Stored dataset items:
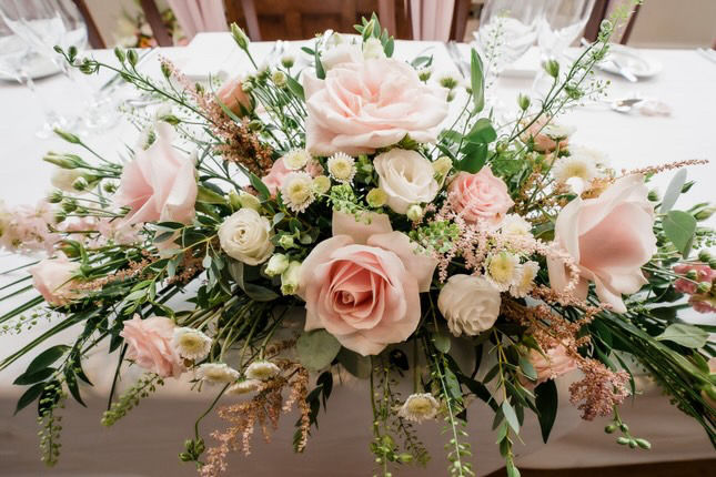 When guests entered the ballroom for the wedding breakfast, they were greeted with grand blush pink centrepieces that instantly elevated the space.
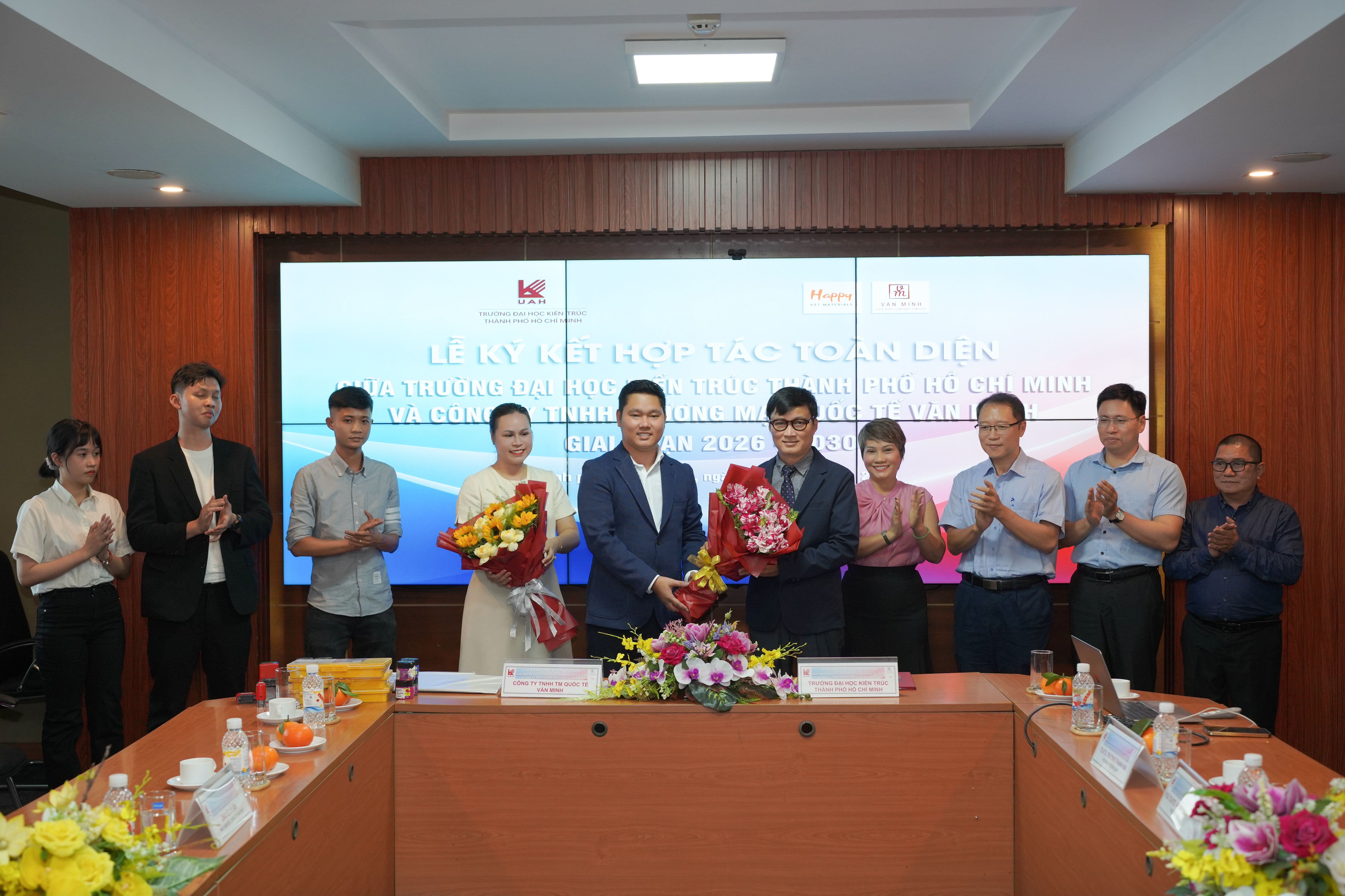 Chiều ngày 10/3/2026, Trường Đại học Kiến trúc Thành phố Hồ Chí Minh (UAH) và Công ty TNHH Thương mại Quốc tế Văn Minh chính thức ký kết thỏa thuận hợp tác giai đoạn 2026-2030. Sự kiện không chỉ đánh dấu bước tiến mới trong chiến lược gắn kết đào tạo thực tiễn giữa Nhà trường và doanh nghiệp, mà còn nổi bật bởi sự quan tâm đầy tâm huyết từ Công ty Văn Minh nhằm tiếp sức cho tài năng trẻ UAH trong tương lai.
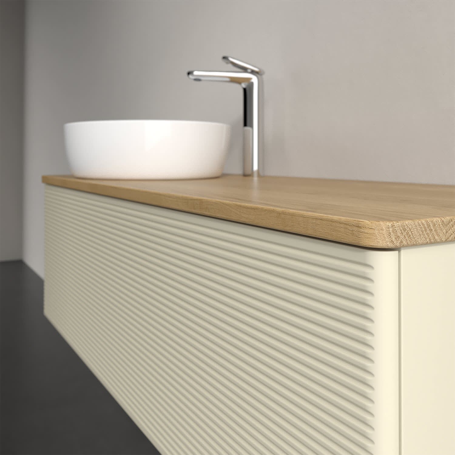Für diesen Waschbeckenunterschrank stehen Ihnen Aufsatzwaschtische aus verschiedenen Serien zur Verfügung (siehe "Passliste" unter Downloads). Ein ausgewähltes Beispiel finden Sie im Zubehör. Den Waschtisch bitte separat mitbestellen.
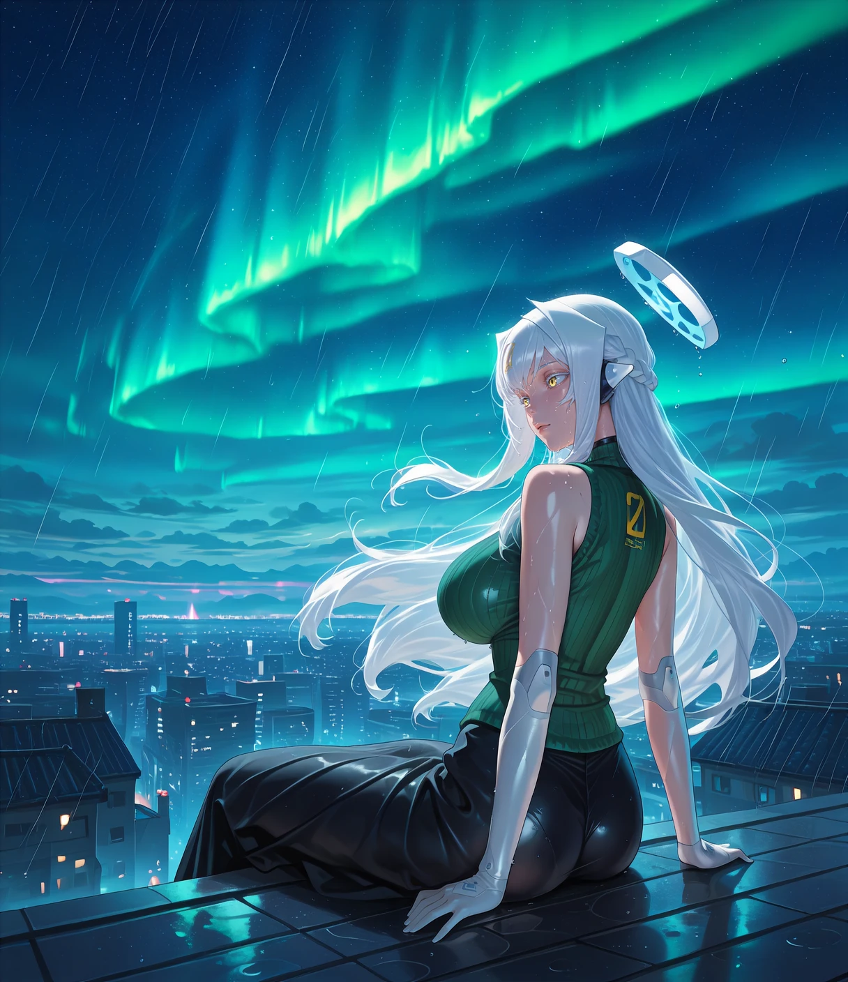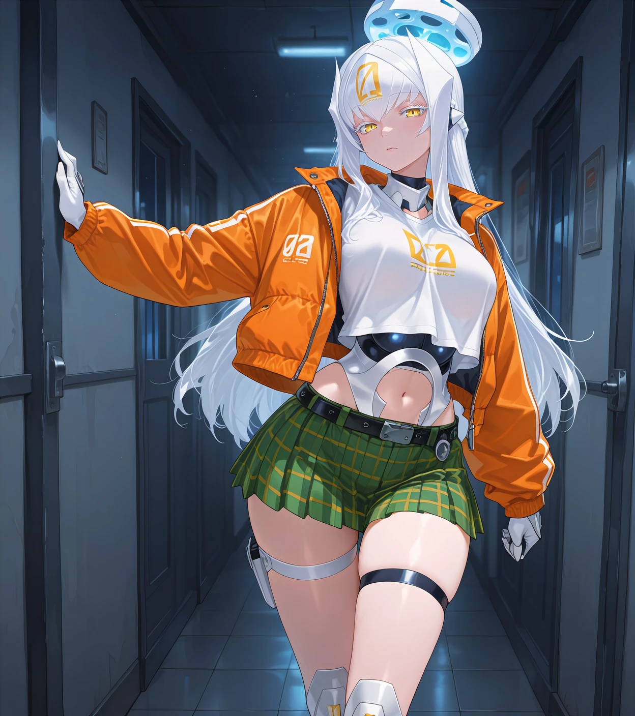 S1lv4, yellow eyes, white hair, long hair, french braid, colored eyelashes, white eyelashes, white headgear, mechanical halo, , yellow print, blue ascot, blue gloves, armored gloves, mechanical arms, white elbow gloves, white , coat on shoulders, white coat, long coat, blue trim, yellow trim, open coat, blue belt, belt buckle, navel cutout, metal belt, white panties, mechanical legs, white thighhighs, high heels, tail, light bulb, android, blue doll joints, shoulder armor,
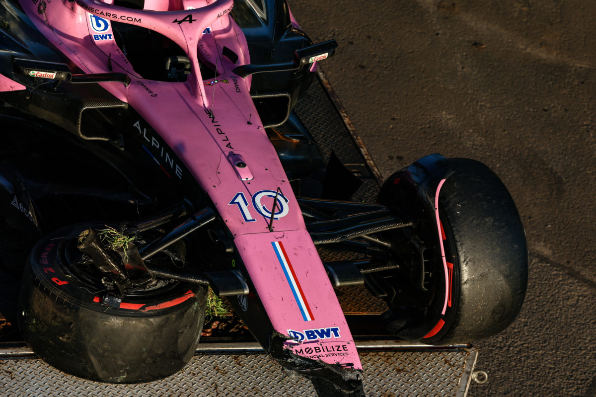 As Gasly moved across the track, he inadvertently squeezed team-mate Esteban Ocon into the concrete wall, the resulting contact between the right rear of Gasly’s car and the left-front of Ocon’s car also tipping Gasly’s Alpine into the same wall, ending the race for both drivers.
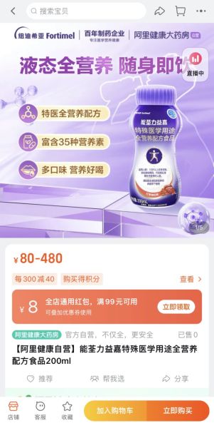 中新网上海新闻12月20日电(记者 缪璐)12月19日,特殊医学用途配方食品(下简称“特医食品”)纽迪希亚能荃力益嘉在阿里健康大药房正式上线,这也是国内*多口味特医营养液。上线当天,阿里健康互联网医院便开出了首张营养建议单,这不仅说明用户的健康管理意识和自主性逐步增强,也说明通过多方合作,从新品上线、知识科普到健康指导等线上健康服务也进一步完善。
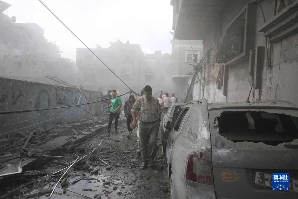 10月12日,在加沙地帶南部城市拉法,人們在遭以色列空襲的受損建筑中救援傷者。

*Exercise description:* Every entry, exactly as written: transcribe it, passing over any pictures.

*Exercise answer:*
 When guests entered the ballroom for the wedding breakfast, they were greeted with grand blush pink centrepieces that instantly elevated the space.
 Chiều ngày 10/3/2026, Trường Đại học Kiến trúc Thành phố Hồ Chí Minh (UAH) và Công ty TNHH Thương mại Quốc tế Văn Minh chính thức ký kết thỏa thuận hợp tác giai đoạn 2026-2030. Sự kiện không chỉ đánh dấu bước tiến mới trong chiến lược gắn kết đào tạo thực tiễn giữa Nhà trường và doanh nghiệp, mà còn nổi bật bởi sự quan tâm đầy tâm huyết từ Công ty Văn Minh nhằm tiếp sức cho tài năng trẻ UAH trong tương lai.
Für diesen Waschbeckenunterschrank stehen Ihnen Aufsatzwaschtische aus verschiedenen Serien zur Verfügung (siehe "Passliste" unter Downloads). Ein ausgewähltes Beispiel finden Sie im Zubehör. Den Waschtisch bitte separat mitbestellen.
 S1lv4, yellow eyes, white hair, long hair, french braid, colored eyelashes, white eyelashes, white headgear, mechanical halo, , yellow print, blue ascot, blue gloves, armored gloves, mechanical arms, white elbow gloves, white , coat on shoulders, white coat, long coat, blue trim, yellow trim, open coat, blue belt, belt buckle, navel cutout, metal belt, white panties, mechanical legs, white thighhighs, high heels, tail, light bulb, android, blue doll joints, shoulder armor,
 As Gasly moved across the track, he inadvertently squeezed team-mate Esteban Ocon into the concrete wall, the resulting contact between the right rear of Gasly’s car and the left-front of Ocon’s car also tipping Gasly’s Alpine into the same wall, ending the race for both drivers.
 中新网上海新闻12月20日电(记者 缪璐)12月19日,特殊医学用途配方食品(下简称“特医食品”)纽迪希亚能荃力益嘉在阿里健康大药房正式上线,这也是国内*多口味特医营养液。上线当天,阿里健康互联网医院便开出了首张营养建议单,这不仅说明用户的健康管理意识和自主性逐步增强,也说明通过多方合作,从新品上线、知识科普到健康指导等线上健康服务也进一步完善。
 10月12日,在加沙地帶南部城市拉法,人們在遭以色列空襲的受損建筑中救援傷者。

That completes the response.